Decision Table Testing
Decision table testing handles complex business logic where multiple conditions combine to determine outcomes. When requirements say "if A and B, then X; if A and not B, then Y," a decision table captures all combinations systematically.
When to Use Decision Tables
- Business rules with multiple conditions
- Complex validation logic
- Pricing with conditional discounts
- Access control based on multiple factors
- Insurance premium calculations
- Loan approval logic
Building a Decision Table
Step 1: Identify conditions (inputs)
List all conditions that affect the outcome. Each condition is typically true or false.
Step 2: Identify actions (outputs)
List all possible system responses or outcomes.
Step 3: Calculate combinations
For N true/false conditions, there are 2^N combinations. Three conditions = 8 rules.
Step 4: Fill in all combinations
Create a column for each combination. Mark which actions apply.
Example: Free Shipping Logic
Business Rules:
- Orders over $50 get free shipping
- Premium members always get free shipping
- Sale items have a $5 flat shipping fee regardless of other factors
Conditions:
- Order over $50? (Y/N)
- Premium member? (Y/N)
- Contains sale items? (Y/N)
Actions:
- Free shipping
- Standard shipping rate
- Flat $5 fee
Decision Table:
| Rule | 1 | 2 | 3 | 4 | 5 | 6 | 7 | 8 |
|---|---|---|---|---|---|---|---|---|
| Order > $50 | Y | Y | Y | Y | N | N | N | N |
| Premium member | Y | Y | N | N | Y | Y | N | N |
| Sale items | Y | N | Y | N | Y | N | Y | N |
| Actions | ||||||||
| Free shipping | - | X | - | X | - | X | - | - |
| Standard rate | - | - | - | - | - | - | - | X |
| Flat $5 | X | - | X | - | X | - | X | - |
When sale items are present, the flat $5 fee applies regardless of other conditions. This table reveals that Rule 8 (non-premium, under $50, no sale items) is the only case paying standard shipping.
Simplifying Decision Tables
Tables with many conditions become large.
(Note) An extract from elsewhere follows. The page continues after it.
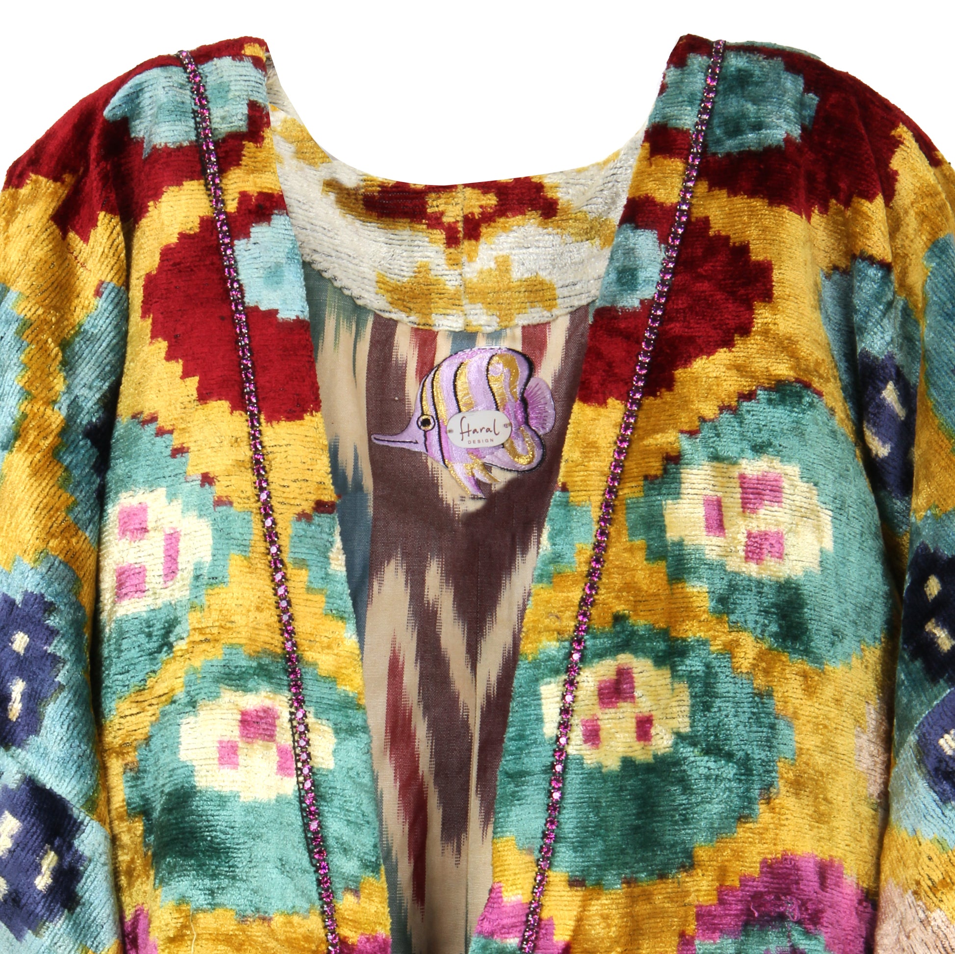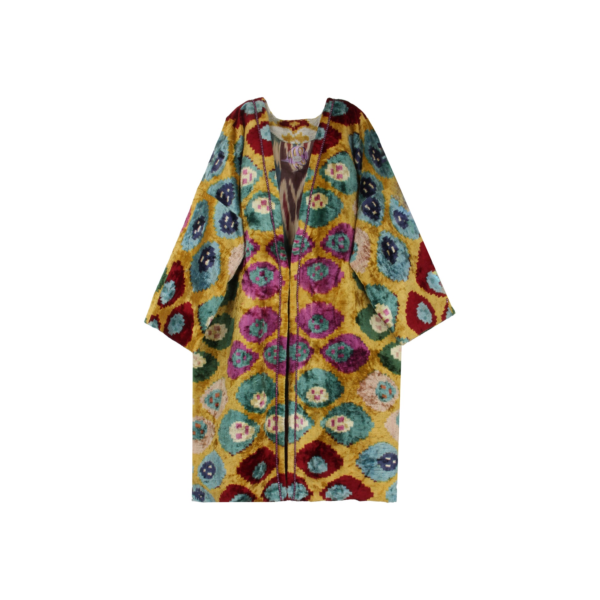 Crafted from luxurious velvet ikat and fully lined for enhanced comfort and structure, the kaftan features meticulously hand-applied crystal details that accentuate its artisanal character. Produced as a single exclusive piece, it offers a distinctive presence defined by individuality, elegance, and timeless appeal.

Simplify by:
Collapsing rules with same actions:
If Rules 1, 3, 5, 7 all have the same action and only differ in conditions that do not matter, combine them into one rule with a dash (-) for irrelevant conditions.
Simplified table:
| Rule | 1 | 2 | 3 |
|---|---|---|---|
| Order > $50 | - | Y or Premium | N |
| Premium member | - | Y or >$50 | N |
| Sale items | Y | N | N |
| Action | Flat $5 | Free shipping | Standard rate |
Creating Test Cases from Decision Tables
Each rule becomes at least one test case:
| Test | Order Amount | Membership | Items | Expected Shipping |
|---|---|---|---|---|
| 1 | $75 | Premium | Sale item | $5 flat |
| 2 | $75 | Premium | Regular item | Free |
| 3 | $75 | Regular | Sale item | $5 flat |
| 4 | $75 | Regular | Regular item | Free |
| 5 | $30 | Premium | Sale item | $5 flat |
| 6 | $30 | Premium | Regular item | Free |
| 7 | $30 | Regular | Sale item | $5 flat |
| 8 | $30 | Regular | Regular item | Standard rate |
State Transition Testing
State transition testing applies when system behavior depends on previous actions. The same input can produce different outputs depending on what state the system is in.
When to Use State Transition Testing
- User authentication flows (login, logout, locked accounts)
- Shopping cart states (empty, has items, checkout)
- Order status workflows (pending, confirmed, shipped, delivered)
- Document approval processes
- Subscription lifecycle (trial, active, expired, cancelled)
- Media player states (stopped, playing, paused)
State Transition Diagrams
A state transition diagram shows:
- States: Circles representing system conditions
- Transitions: Arrows showing state changes
- Events: Labels on arrows showing what triggers transitions
- Guards: Conditions that must be true for transition to occur
Example: Login System
States:
- Logged Out
- Logged In
- Locked (after 3 failed attempts)
Events:
- Valid login
- Invalid login
- Logout
- Wait 30 minutes (unlocks account)
State Transition Table:
| Current State | Event | Next State | Action |
|---|---|---|---|
| Logged Out | Valid login | Logged In | Grant access, reset attempts |
| Logged Out | Invalid login (attempts < 3) | Logged Out | Increment attempts, show error |
| Logged Out | Invalid login (attempts = 3) | Locked | Lock account, show lockout message |
| Logged In | Logout | Logged Out | End session |
| Logged In | Session timeout | Logged Out | End session, show timeout message |
| Locked | Any login attempt | Locked | Show "account locked" |
| Locked | 30 minutes pass | Logged Out | Unlock, reset attempts |
Test Cases from State Transitions
Coverage levels:
- All states: Ensure every state is reached at least once
- All transitions: Test every arrow in the diagram
- All transition pairs: Test sequences of two transitions
- Invalid transitions: Attempt transitions that should not be possible
Test cases for login system:
| Test | Start State | Action | Expected State |
|---|---|---|---|
| 1 | Logged Out | Valid credentials | Logged In |
| 2 | Logged Out | Invalid credentials x1 | Logged Out (1 attempt) |
| 3 | Logged Out | Invalid credentials x3 | Locked |
| 4 | Logged In | Click logout | Logged Out |
| 5 | Locked | Valid credentials | Locked (still) |
| 6 | Locked | Wait 30 min | Logged Out |
| 7 | Logged In | Wait for timeout | Logged Out |
Switch Coverage (N-Switch Testing)
Switch coverage tests sequences of transitions:
- 0-switch: Each transition tested once (basic coverage)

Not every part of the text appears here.